Drumtroddan Rock Art

Black and white image of a rock outcrop bearing cup and ring markings. The sun has set behind the trees on the near horizon and a dark gloming sky is overhead.

Drumtrodden Rock Art in the cold, winter gloaming.

It’s a bitterly cold afternoon in early December, the sun is lowering towards the horizon. I’m stood by a small outcrop of rock at Drumtroddan, setting up my camera on its tripod as I’m waiting for the sun to set, with nothing but a herd of sheep for company.

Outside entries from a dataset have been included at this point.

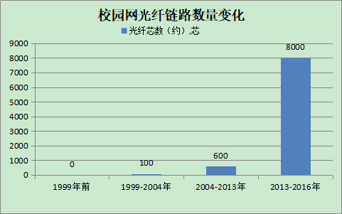 (1)光纤链路发展历程。第一阶段设备间采用双绞线互连,发展过程中部分楼栋新增了光纤进行互联;第二阶段骨干网采用了光纤链路进行数据通信;第三阶段采用结构化布线思想对校内光纤链路进行了重新设计,两级光纤芯数已达8000芯。前期,伟德光主干缆数已经基本完成全覆盖,十年内无需再铺设主干光缆。2016年至今新增加了3个接入机房,共增加二级光缆130芯,共计约8130芯。
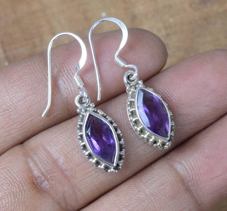 Solid 925 Sterling Silver Amethyst Gemstone Handmade Boho Designer Earrings Jewelry
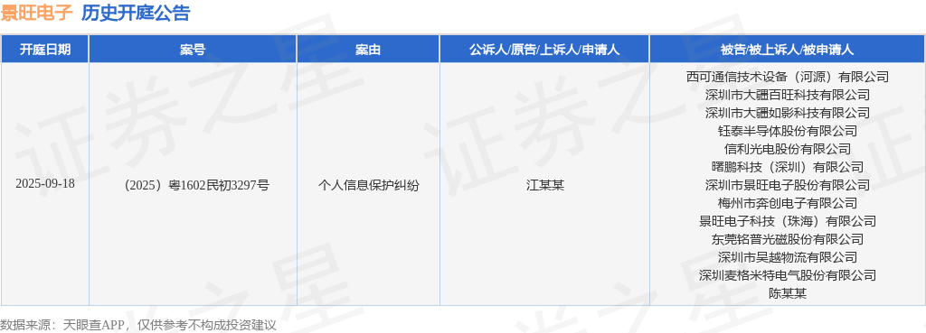 根据统计,近一年内以深圳市景旺电子股份有限公司为当事人的历史开庭公告有1则,其中案由为“个人信息保护纠纷”的公告以1则居首。历史开庭公告如下:
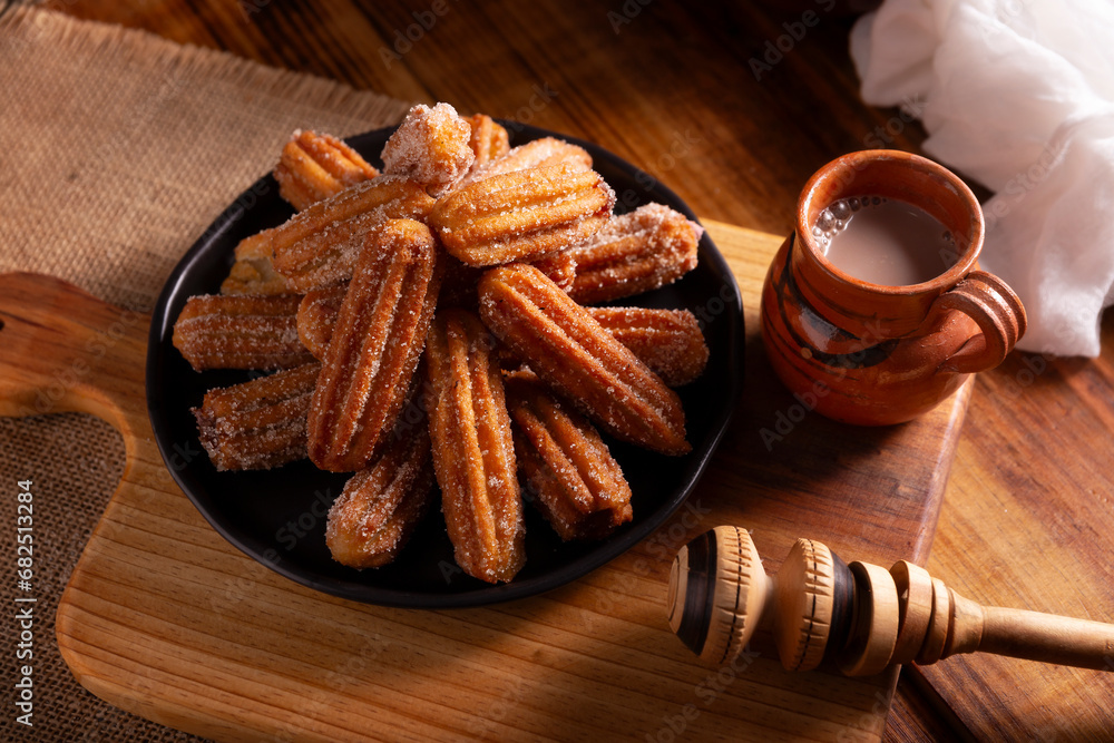 Churros. Fried wheat flour dough, a very popular sweet snack in Spain, Mexico and other countries where it is customary to eat them for breakfast or snack accompanied by hot chocolate or coffee.
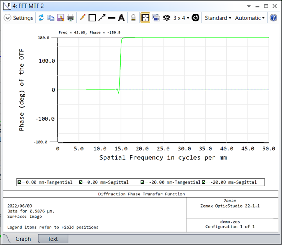 如果在FFTMTF的設(shè)置中將類(lèi)型改為相位,可以發(fā)現(xiàn),在15線/毫米或更多的情況下,相位轉(zhuǎn)為180°。
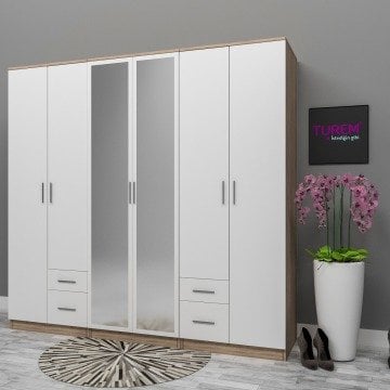 Modern ve özgün tasarımıyla, odanıza aydınlık bir görüntü kazandıran 6 Kapılı 4 Çekmeceli Gardrop modelimiz şimdi stoklarımızda. Kullanışlı askılıklar ve çekmece detaylarıyla kullanım rahatlığı sağlayan bu gardırop, kaliteli malzeme ve sağlam işçilikle üretilmiştir. Odanızın ölçülerine uygun, istediğiniz ebatta üretim imkanı ve online ödeme fırsatı ile sahip olabilirsiniz.
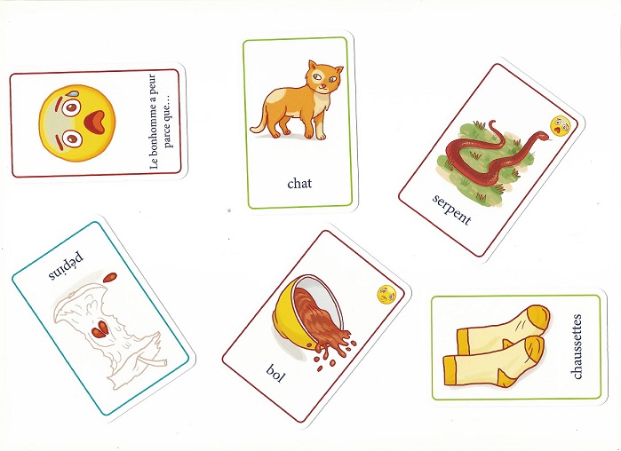 - un mémory des émotions : le jeu se présente comme un mémory classique, mais dans lequel l'enfant doit associer une illustration avec une carte « émoticône » et faire une phrase pour expliquer le lien entre les deux comme : « Le bonhomme pleure car il a renversé son bol de chocolat chaud ».

This corner of Drumtroddan Farm is home to several panels of prehistoric rock art. Carved into rocks by pecking with a stone tool, often on the horizontal surfaces of outcrops and land-fast boulders, large concentrations of them can be found in groups mostly around northern England and in Scotland. They commonly are composed of a central depression, sometimes surrounded by a ring or several concentric rings, sometimes with accompanying grooves. Known as cup and ring markings, limitless variations can be found on this theme, often with regional variations regarding the use of concentric rings, meandering grooves and clusters of cup marks.

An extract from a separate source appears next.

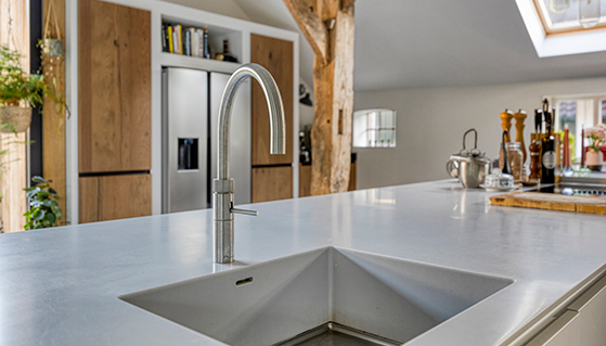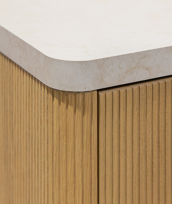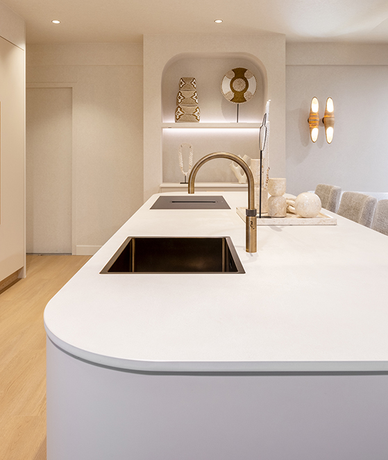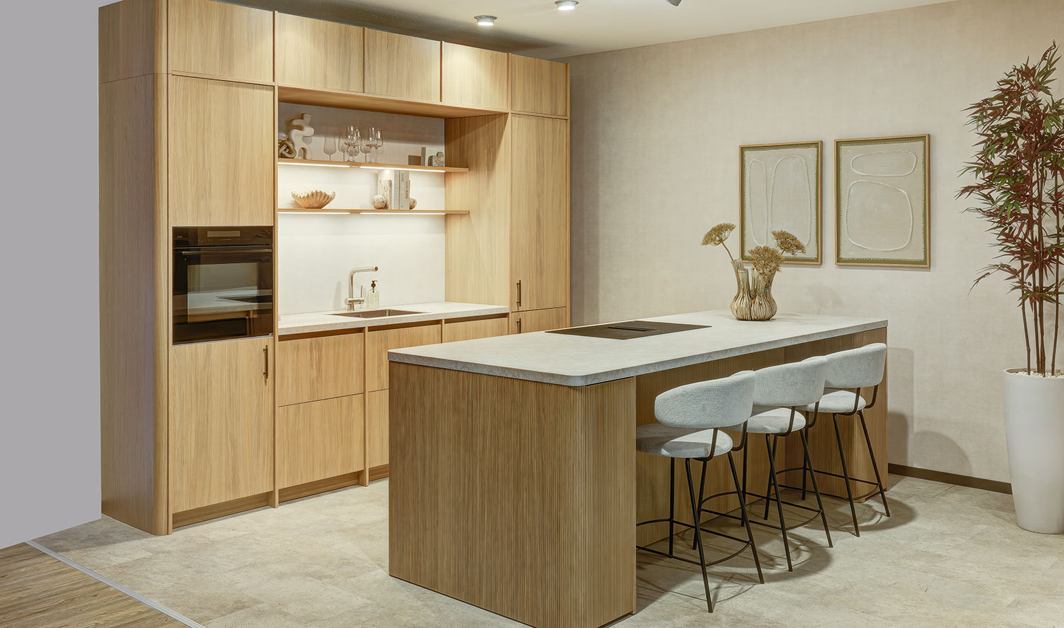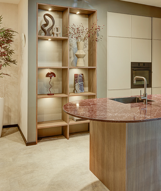 Ronde vormen zijn niet nieuw, maar in 2026 worden ze overal doorgevoerd. “Rond is het nieuwe strak”, zegt Daniëlle met een glimlach. “Fronten, kookeilanden, werkbladen… alles krijgt zachtere lijnen.” Fabrikanten werken hard aan nieuwe technieken om met materialen als keramiek en natuursteen te kunnen buigen. “Daardoor ontstaan er keukens die niet alleen praktisch zijn, maar ook een veel vriendelijkere uitstraling hebben. De tijd van scherpe hoeken is echt voorbij.” Zelfs details als handgrepen en verlichting volgen deze trend. “Alles mag wat zachter aanvoelen. Dat maakt de keuken meer uitnodigend.”

The mystery is, unlike other prehistoric features, it is very hard to decipher their meaning. There are no associated organic remains to help date them and no historic references that mention them. The only clues we have are their associations with datable monuments, such as the rock art panel, levered from the bedrock and repurposed as a capstone in the Bronze Age Nether Largie North cairn, in Kilmartin. The carvings show signs of weathering, meaning they had sat in their original position for quite some time, before inclusion in the cairn. It seems they still had some meaning to the cairn builders of Kilmartin, despite already being of some considerable age.

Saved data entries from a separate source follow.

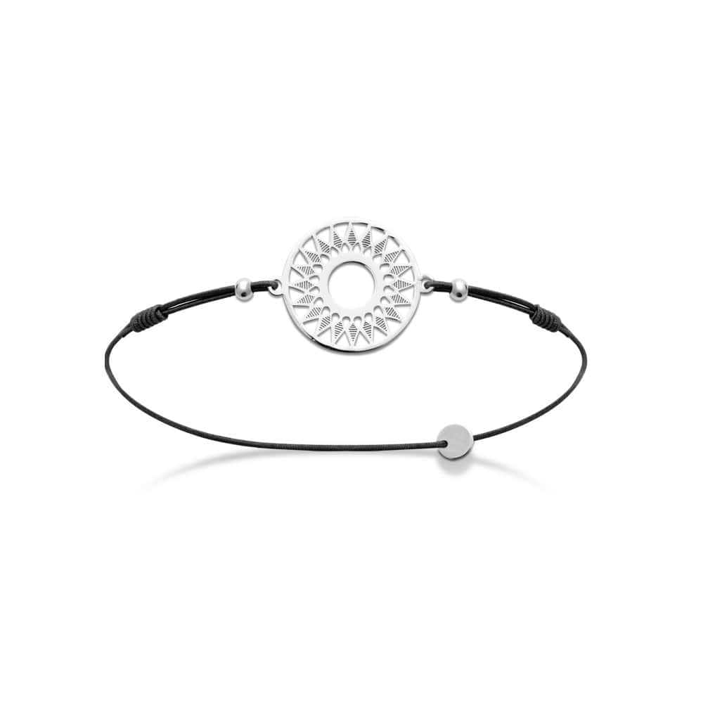 Bracelet avec cordon élastique en coton et pastille ajourée en argent 925/000 rhodié.
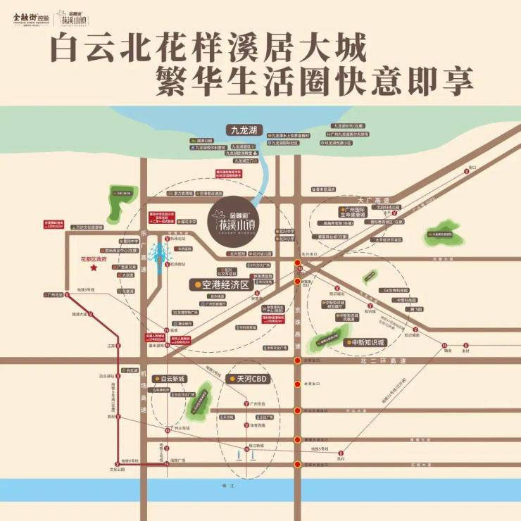 金融街·花溪小镇所属区域教育、商业、医疗多元产业高密度聚集,10分钟车程可达黄冈中学广州学校试验小学、耀华国际教育学校、北兴小学、榴花中学、北兴中学、万大广场,项目自带花东镇中心幼儿园榴花分园已开学;此外,小区规划2400㎡英伦主题商业街,约1. 3万㎡社区配套,美宜佳、菜鸟驿站已相继开业,满足生活各方面需求。
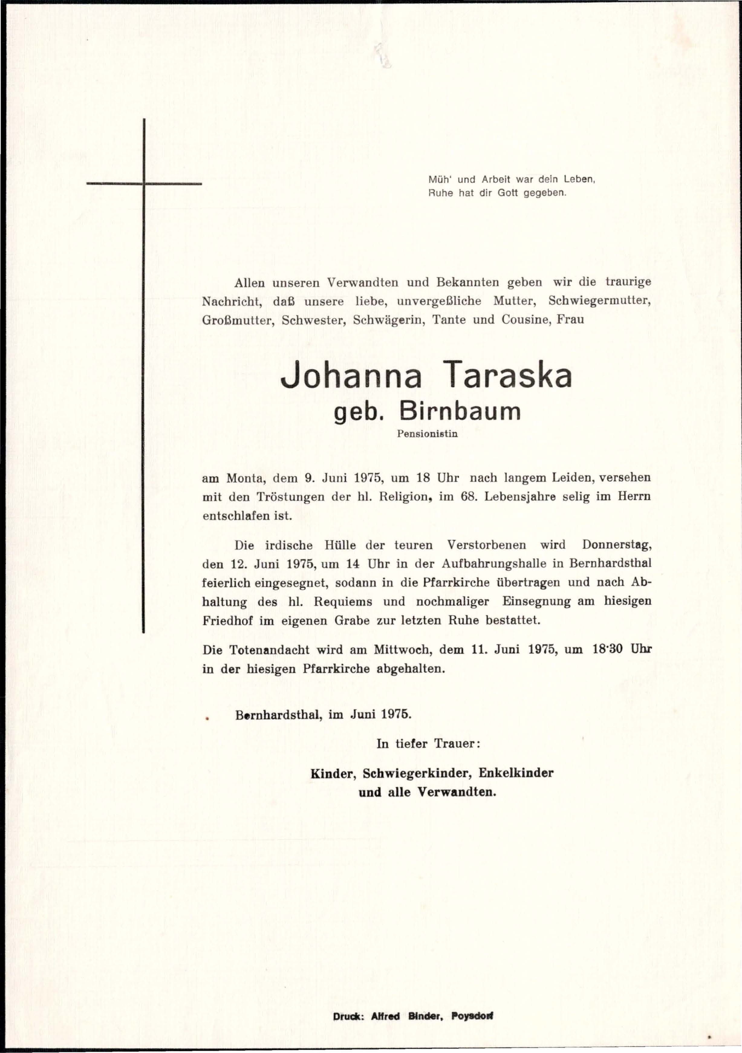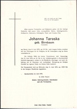 11 Taraska Johanna (Birnbaum) Brunnengasse 327 - ~*1907 +09.06.1975 |
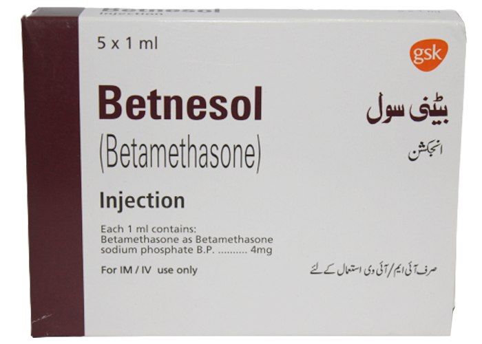 Product Name: Betnesol Inj 4mg 5Ampx1mlProduct Form: InjectionPack Size: 5Ampx1mlMarketed By: Glaxosmithkline Pakistan LimitedGeneric Category: CORTICOSTEROIDIngredients: Betamethasone Sodium Phosphate

Another clue can be their position in the landscape. Often on the slopes of hills, very rarely on the top, with wide ranging views, perhaps they mark out a special space, route or view of significant landscape features. The rock art included in the magnificent enclosure of Woofa Bank on Ilkley Moor, lies between two springheads. It is conjectured that in prehistory, they may have been painted, or designs replicated on wood and fabrics. Over 100 theories have been put forward about what rock art could mean, from the banal to the mundane, but the truth is we will probably never decipher their real meaning, being long lost in the mists of time.

Drumtroddan Standing Stones are just a short distance to the south of the rock art panels and beyond them, I can see the hill tops of the Isle of Man. I watch the last flecks of light strike the Galloway Hills to the east, as the sun slips below the clouds, a deep orange glare behind the small copse of trees to the west. Perhaps it is this view of the hills that have some relevance to the position of the carvings, or that the outcrop points south west, towards the mid-winter sunset.

The sky slowly darkens as light flees over the western horizon, soon it is dark enough for the lights to work on the rock art. In daylight, just a few rings and cup-like depressions are visible, but once a low, raking light is placed by the rock, the carvings spring to life. Concentric rings and grooves, virtually invisible by day cover the surface of the outcrops. It is one of those ‘wow!’ moments.

As the darkness grows, it gets colder, dropping below freezing. After just over half an hour of trying different compositions and lighting angles, I find the cold is affecting my fingers to the point it is difficult to operate the camera, despite double layers of gloves. Crunching back across the thin, frozen layer on top of the mud, I make my way home.

Illustrations of Drumtroddan Rock Art panels, from 1912.